Around the time the boycott was announced, the standoff over stevia was resolved. “We came to an understanding with the department responsible for stevia," said Fabién Gahungu, Stevco’s head of agriculture and research. Since then, the number of stalls in the central market that sell stevia has grown every day. “It’s a plant that does its own PR!” Gahungu says.
Unprocessed leaves parceled in gossamer-thin plastic bags are now sold all over the central market in Bujumbura. One baking hot day, people gathered in tight groups around sellers who spoke of stevia's “medicinal quality” for treating diabetes (a growing problem in central Africa), heart disease and weight gain. It was not only healthy, they said, but also comparable to — and significantly cheaper than — sugar. “A kilo of sugar costs 2,500 francs whereas a pack of stevia costs 500 francs — both last a week in my family,” says Louise Nshimirimana, mother of two, who boils it with milk and tea leaves.
The plant has also proven remarkably profitable. Vendor Noella Ngendakumana used to support her unemployed husband and two children by selling onions, which earned her less than a dollar a day. Then she bought a carrier bag full of stevia for 20,000 francs ($12.50) with her savings. She sold it that same day for 25,000 francs, turning a profit of more than $3 — more than four times the average per capita daily income in Burundi. She did the same thing the following four days. One of her colleagues, Marie, had been selling stevia for a week, and had already hired an employee to prepare and package the leaves. After paying her own employee 4,000 francs, Marie now takes home 6,000 francs (nearly $4) per day.

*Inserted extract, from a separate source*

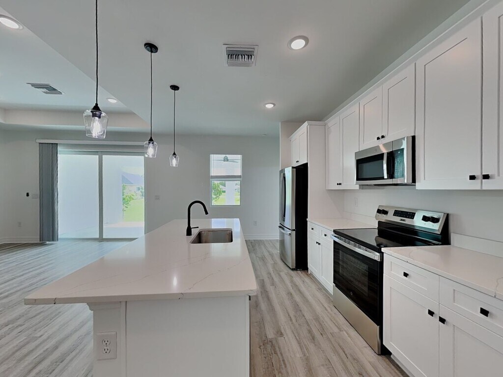 This home has a grand great room entrance into a beautiful open floor plan. You'll notice in the foyer, that the home has high (9'4") ceilings, a tray in both the great room and master, gorgeous LVP flooring throughout, granite countertops, stainless appliances, Hurricane IMPACT WINDOWS, and much more. The Master Suite two walk in closets and leads to the Master Bath with double sinks, soaker tub and an all tile shower. The second and third bedrooms share a large guest bath. All of the rooms are spacious and comfortable. If entertaining is your thing, the back sliders lead out to a huge covered lanai. In Port Charlotte, you are always near world class beaches (Siesta Key, Englewood, etc), surrounded by golf courses, restaurants, shopping, boating, fishing, and even Minor League and Spring Training baseball! By submitting your information on this page you consent to being contacted by the Property Manager and RentEngine via SMS, phone, or email.
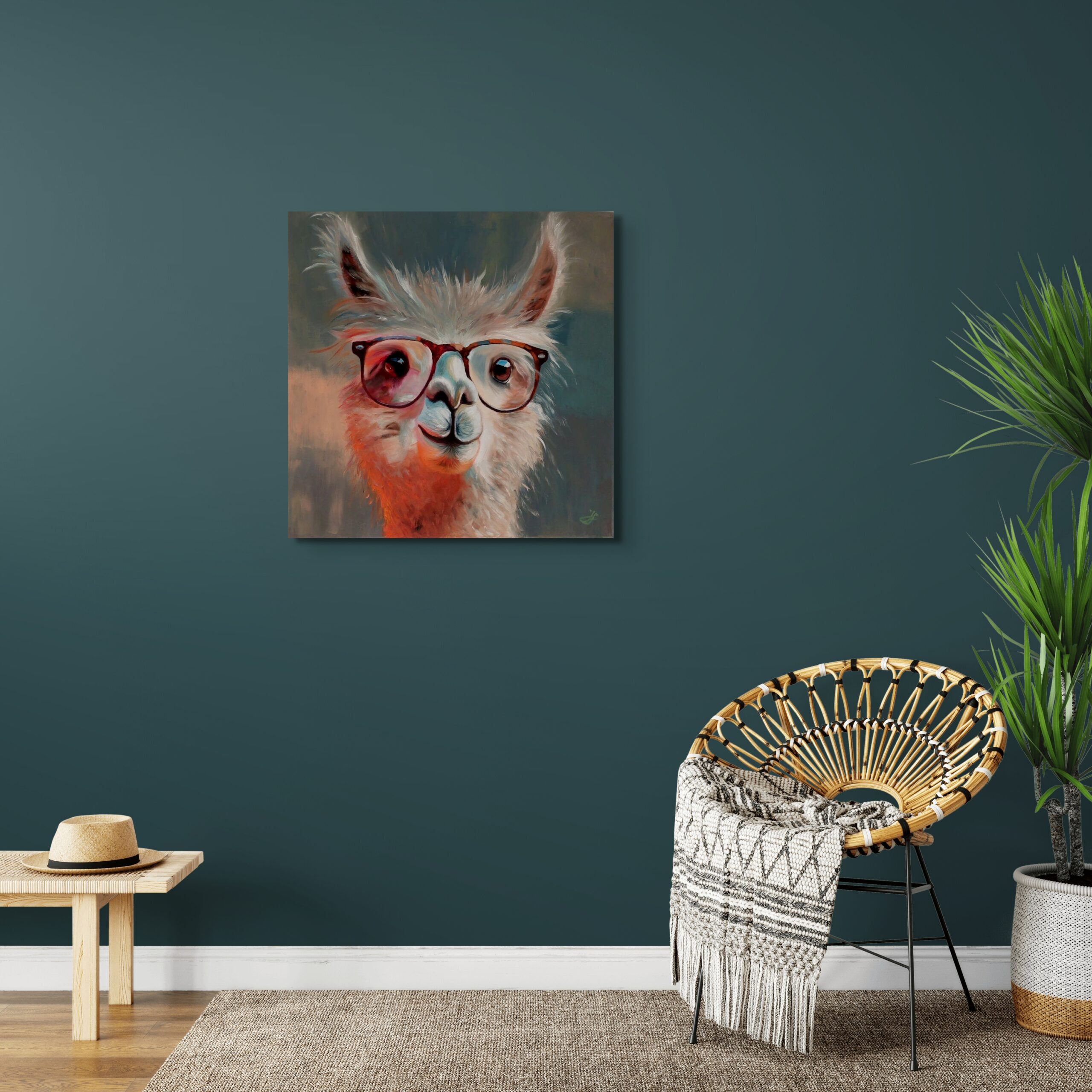 Obraz zachycuje roztomilou lamu s jemným, veselým úsměvem, která působí klidným a pozitivním dojmem. Na jejím nose sedí vtipné, barevné brýle, které dodávají celé scéně hravost a osobitý styl. Název obrazu „Don’t worry, be happy“, dokonale podtrhuje bezstarostnou a optimistickou atmosféru obrazu.

Bayaganakandi, however, did not get to see any of this — he died of a heart attack three days after the presidential election.
Gahungu, Stevco’s head researcher, estimates that Bayaganakandi accomplished about 60 percent of his plan to establish stevia as a staple in Burundi. By the time of his death Stevco had plantations in ten of Burundi’s eighteen provinces and plans to expand into the remaining eight. It has also finished construction on the first of its two processing plants. As stevia’s domestic popularity continues to grow, it is possible that Bayaganakandi’s legacy won’t be linked to politics, but to the zero-calorie sweetener. Across the country, hundreds of stevia farmers are preparing to sell their first harvests.